Former synagogue in Essaouira, Morocco

The Simon Attias Synagogue is a former Jewish synagogue, located in Essaouira, formerly known as Mogador, in Marrakesh-Safi, Morocco. It is also known as the Bet Ha-Knesset Simon Attias, M'sod Attias and Shaarei T'filah (bet kenesset, 'house of assembly' or בית תפילה). The synagogue was built in 1882. The former synagogue has been incorporated as part of Bayt Dakira, a Jewish museum.

== History ==
The synagogue forms one wing of a masonry, courtyard building that also contained the home of Simon Attias. A single, large door set into a Horseshoe arch leads into the suite of buildings. The synagogue is on the second floor. The ground floor once held shops. The third floor contained the offices of Jewish courts, which heard both commercial and personal cases. The synagogue proper is a space two stories high, with large, rounded-arch windows and a women's gallery.
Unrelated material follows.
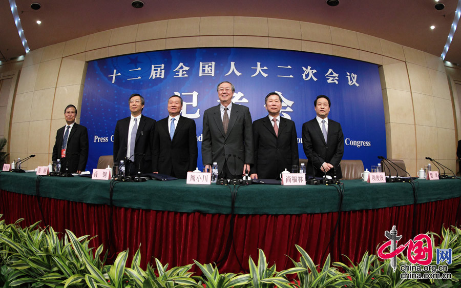 3月11日上午,十二届全国人大二次会议新闻中心举行记者会,中国人民银行行长周小川回答中外记者的提问。摄影 徐讯/人民画报

The interior woodword was carved in London. The large, wooden Torah Ark featured columns and a rounded pediment, and is decorated with floral carvings. A large number of memorial lamps survived in 1993, including one to the memory of Simon Attias, who died in 1892. In 1993 the synagogue was in sound condition. In 2009 it is closed and is now undergoing restoration and conversion to a museum.

After the restoration, the former synagogue formed part of the Bayt Dakira Jewish museum.